D./Dña. JUSTO RODRIGUEZ CASTRO
En Madrid, a diez de junio de dos mil veinte .
Vistos en grado de Apelación, ante la Sección Veintinueve de la Audiencia Provincial de Madrid, el Rollo de Apelación nº: 321/2020, dimanante de los autos de Juicio por Delitos Leves nº: 561/2019 del Juzgado de Instrucción nº: 4 de DIRECCION000 (Madrid), por los delitos leves de amenazas y daños, en el que ha sido partes, como apelante: Dª. María Antonieta defendida por el Letrado D. Pedro Resino Aragón, y como apelado: el MINISTERIO FISCAL, en virtud del recurso de Apelación interpuesto por la citada denunciado contra la sentencia condenatoria dictada por el referido Juzgado en fecha de 27 de noviembre de 2019.
Antecedentes
PRIMERO.-Por el indicado Juzgado de Instrucción nº: 4 de DIRECCION000 (Madrid), en el Juicio por Delitos Leves nº: 561/2019, se dictó Sentencia el día 27 de noviembre de 2019, que contiene los siguientes HECHOS PROBADOS:
'ÚNICO.- El día 14 de marzo de 2019, sobre las 17,00 horas, aproximadamente, la denunciante se encontraba en el interior de su piso sito en la CALLE000 nº NUM000 de DIRECCION001 junto a su amiga Antonia, cuando su vecina con cuyo marido ya ha tenido problemas previos, María Antonieta, acompañada de su hermana menor Candelaria., se personó en su puerta, llamando a la misma, preguntando la denunciante quién era, diciendo la denunciada "abre la puerta puta" insistentemente, a lo que la denunciante, tras comprobar con su amiga por la mirilla quienes eran, les dijo que iba a llamar a la Guardia Civil, contestando la denunciada "puta abre la puerta, te voy a matar"'.
En el FALLO de la Sentencia se establece:
Que debo condenar y condeno a María Antonieta como autora penalmente responsable, de un delito leve de amenazas del artículo 171.7 párrafo segundo del Código Penal , imponiéndole una pena de un mes de multa con 3 euros de cuota diaria, con responsabilidad personal subsidiaria en caso de impago, así como el pago de las costas causadas en este proceso.

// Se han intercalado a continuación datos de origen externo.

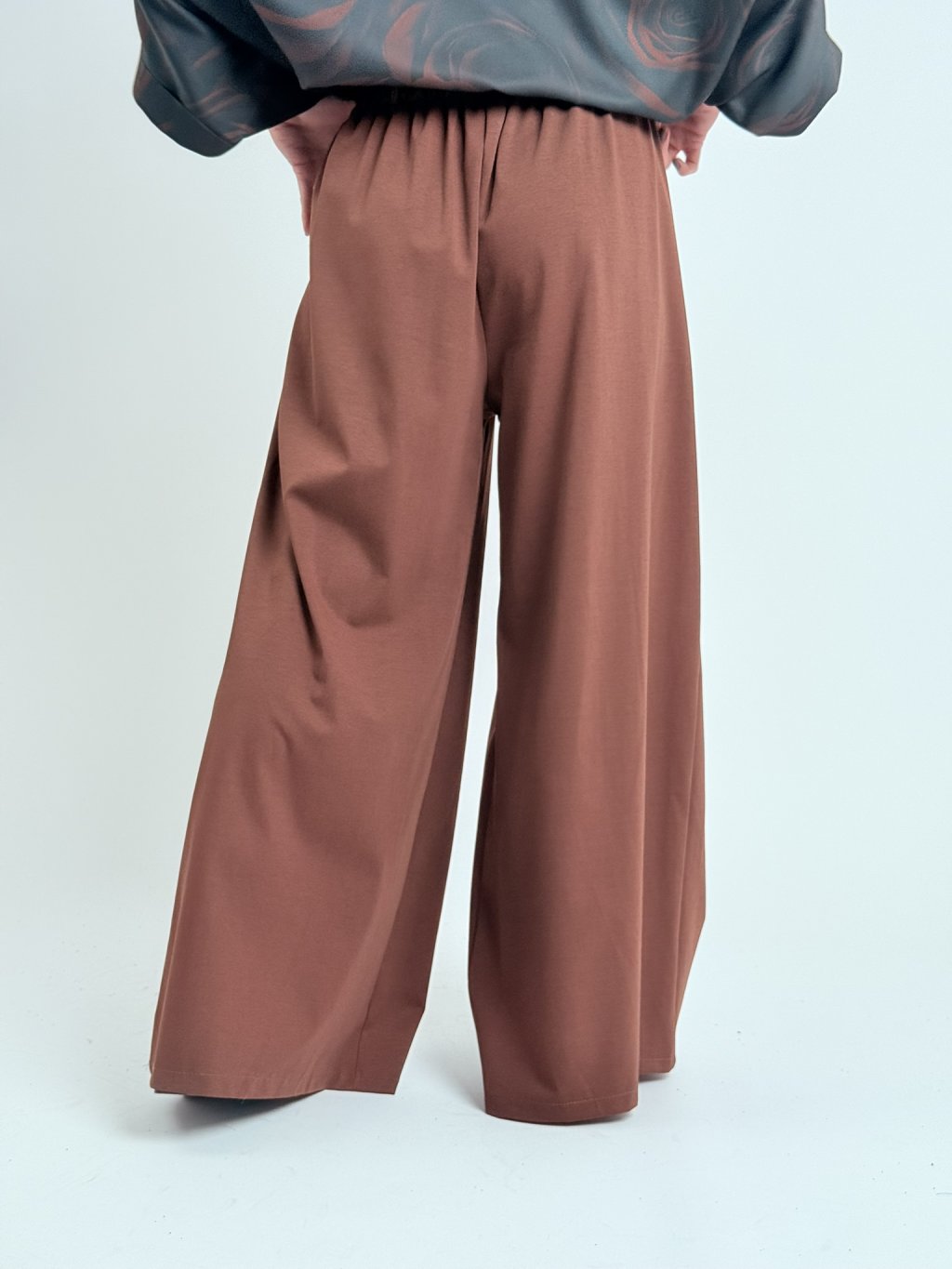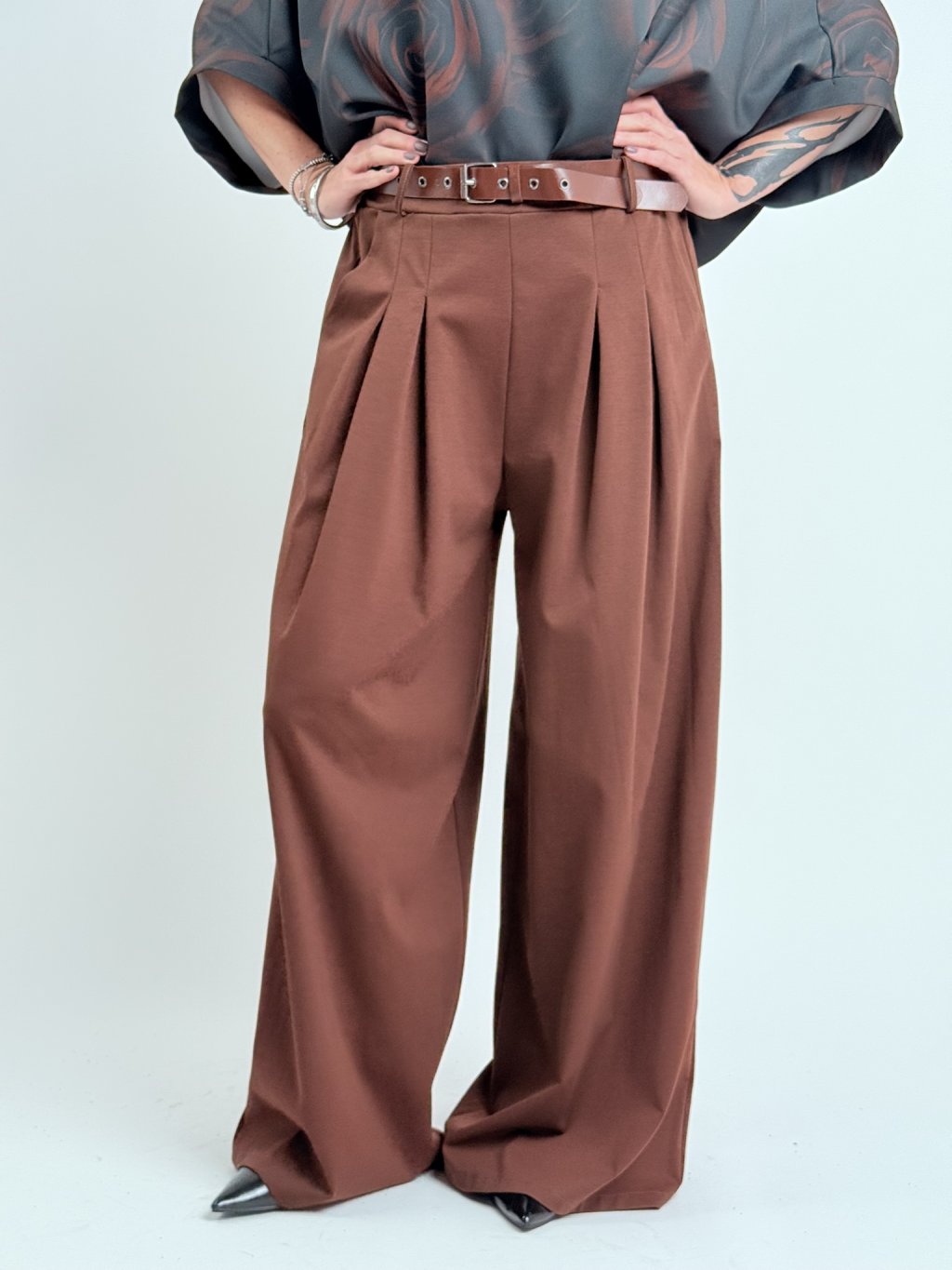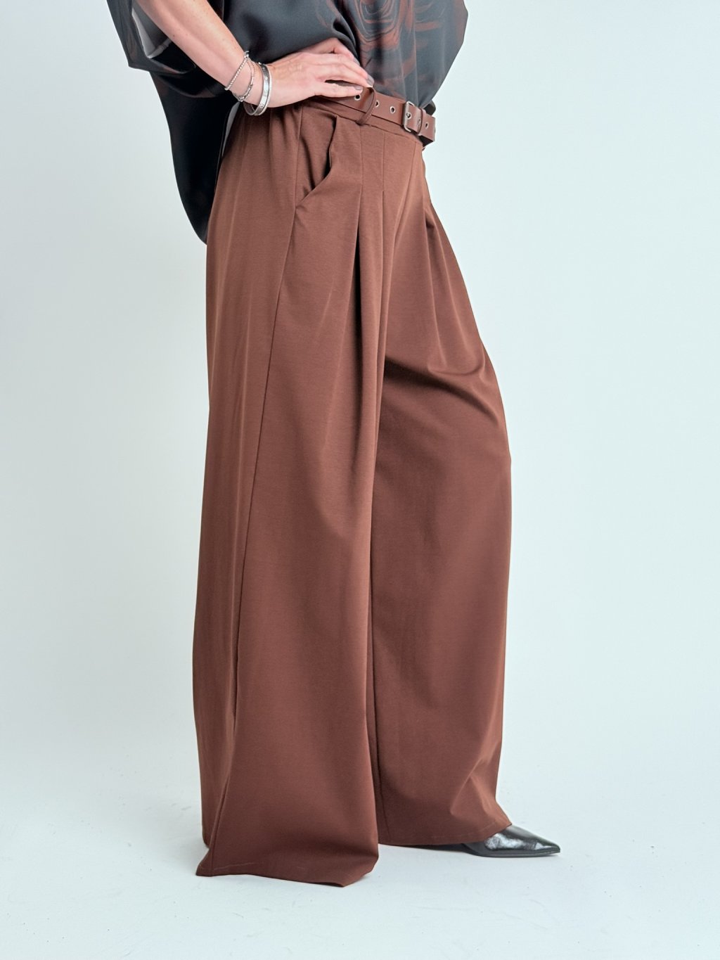 Dokonalé široké nohavice s elastickým pásom, opaskom a bočnými vreckami.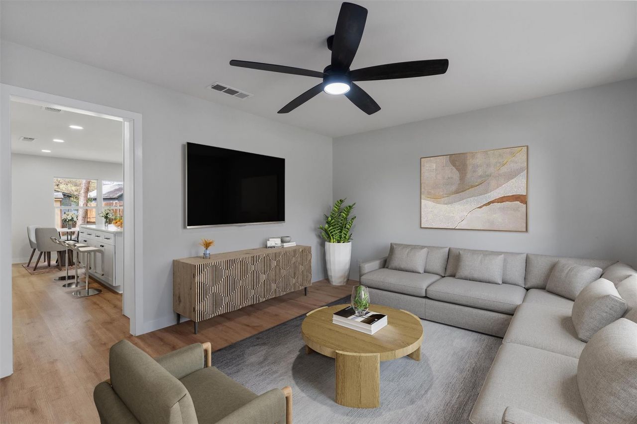 Experience the quintessential South Austin lifestyle in this stunningly remodeled masterpiece in the heart of Emerald Forest. Expertly reimagined and transformed from the original layout into a sophisticated sanctuary featuring a spacious primary suite with a private bathroom and huge walk-in closet. Situated on a generous 0.173-acre lot, you are surrounded by old Austin charm where heritage oaks provide a lush, shady canopy for evening strolls and neighbors still wave as you pass by. No detail was overlooked in this comprehensive 2024 top-to-bottom renovation. The interior features brand-new vinyl plank flooring, all-new baseboards, and fresh paint inside and out. Behind the scenes, the home offers ultimate peace of mind with all-new electrical, new plumbing, a new water heater, and a modernized HVAC system featuring brand-new ductwork in the attic. The chefs kitchen is a showstopper, redesigned with all-new cabinetry, huge island, sleek countertops and designer backsplash. Windows have been replaced with new energy-efficient glass, and stylish new ceiling fans and light fixtures have been installed throughout. The flexible 3-bedroom, 2-bath layout includes plenty of space for a home gym, quiet office or guest room. Outside, the fenced rear yard serves as a private retreat with a firepit for chilly evenings and plenty of space for kids and pets. Welcome Home - you are just minutes from Austins legendary food and nightlife, including Leroy & Lewis BBQ, Radio Coffee, Sagebrush, and The Little Darlin. Located near Central Market, Joslin Neighborhood Park, and Recess Pickleball, this home offers a lightning-fast commute to Downtown, Zilker Park, or the Airport via I-35 and MoPac.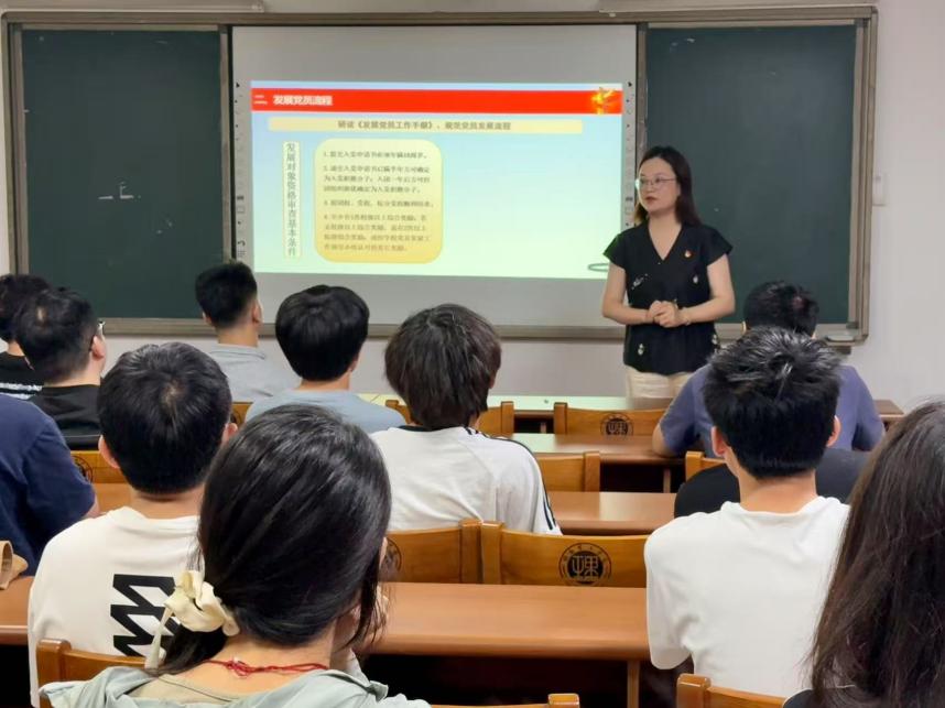 5月14日,徐丹书记在12409教室主讲《厘清入党条件,在作风建设中强化党员义务和权利意识》专题党课。她结合中央八项规定精神阐释作风建设意义,重点解读党员八项义务与民主权利,强调权利义务辩证统一,要求党员用马克思主义立场指导实践,严守纪律规矩,为党员敲响廉洁自律警钟。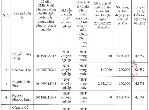 Theo đó, 4 nhà đầu tư sẽ mua 6,7 triệu cổ phiếu và 1 tổ chức là Công ty cổ phần thương mại Nhựa Hà Nội mua 3,3 triệu đơn vị.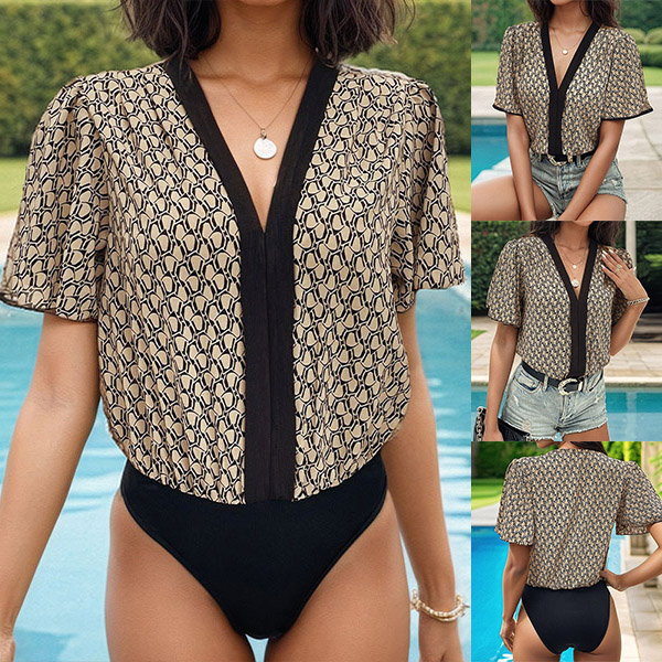 This trendy and versatile bodysuit features a printed design, a flattering V-neckline, and short sleeves, creating a fashionable and comfortable piece!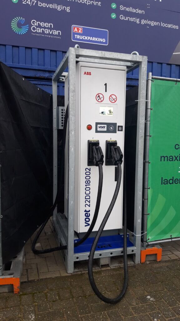 Het is een bedompte januari-ochtend op bedrijventerrein De Berk in Echt. Vrijwel windstil en de zon laat zich nergens zien. Hier ergens, aan de Röntgenweg, moet de elektrisch rijder kunnen laden. De plaat met de naam Green Caravan verdwijnt tussen de vele bedrijfsnamen en reclameborden. En ook het bordje met ‘Snellaadpunt’ en een pijl valt weinig op. Toch ligt hier, achter het gebouw van A2-truckparking, het eerste oplaadpunt van Green Caravan verscholen.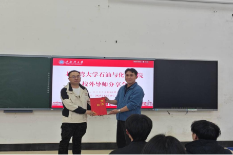 2025年12月19日下午,我院在11-105教室成功举办优秀校友导师经验分享会。本次分享会特邀学院2024届毕业生,现任广西华谊氯碱化工有限公司助理工程师覃传沛校友主讲,为化工专升本251班带来了一场《从校园到职场:成长分享与职业规划》的专题分享。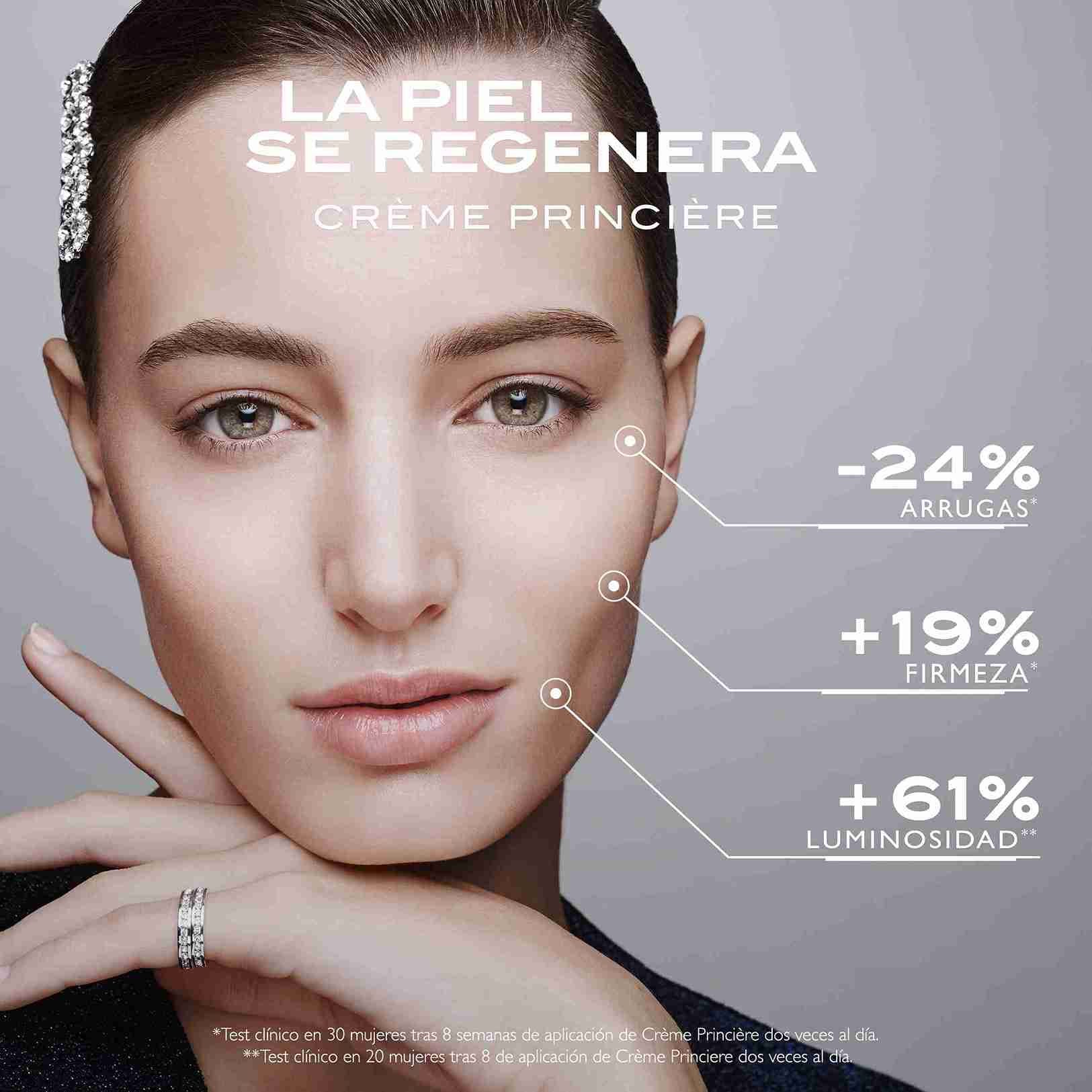 Con una estructura de crema laminar que imita la estructura multicapa de la piel, garantizando así un efecto de fusión instantáneo tras la aplicación, este producto reúne la voluptuosidad de una crema regeneradora y el toque fresco de un gel reparador. Crème Princière, que se presenta en un frasco de vidrio de 50 ml, está perfumada con la fragancia floral característica de la línea para evocar tanto su exquisitez como el cuidado de la piel de alta tecnología que ofrece y actuar como un guiño a la elegancia de la Costa Azul de Mónaco.

Que debo absolver y absuelvo a María Antonieta del delito leve de daños por el que ha pedido condena el Ministerio Público'.
SEGUNDO.-Por Dª. María Antonieta se presentó el anterior escrito de fecha 12 de diciembre de 2019, en el que interponía recurso de Apelación contra la citada sentencia, dándose traslado del mismo al Ministerio Fiscal y a las demás partes personadas en su caso, por diligencia de ordenación de fecha 24 de enero de 2020, siendo impugnado por el Ministerio Fiscal en su escrito de fecha 20 de febrero de 2020, remitiéndose las actuaciones a la Audiencia Provincial de Madrid, correspondiendo a esta Sección 29ª, por turno de reparto.
TERCERO.-Recibidas las anteriores actuaciones, por diligencia de ordenación de fecha 12 de marzo de 2020, se acordó formar el oportuno rollo de Apelación, señalándose, por providencia de fecha 4 de junio de 2020, para su deliberación el día 10 de junio de 2020, designándose para su resolución al Ilmo. Sr. Magistrado: D. JUSTO RODRIGUEZ CASTRO.
SE ACEPTANlos Hechos Probados de la Sentencia recurrida, los cuales se dan por reproducidos.
Fundamentos
PRIMERO.-Motivos del recursoPor el Letrado que asiste a Dª. María Antonietase fundamenta su recurso, en la vulneración del derecho a la presunción de inocencia y del derecho a un juicio con las debidas garantías, al considerar, en síntesis, que no se ha acreditado que ocurrieran los hechos denunciados y que la testigo Antonia estuviera en casa de Montserrat, al no describir la mirilla de la puerta y no estar presente cuando acudió la Guardia Civil, coincidiendo por el contrario la versión de la Sra. María Antonieta con la ofrecida por su hermana menor, no habiendo suspendido el juzgador 'a quo' el juicio cuando tuvo conocimiento de que el traductor no traducía de forma inmediata las declaraciones de la denunciante y testigo, interesando, en síntesis, que se revoque la sentencia impugnada y se absuelva a la recurrente.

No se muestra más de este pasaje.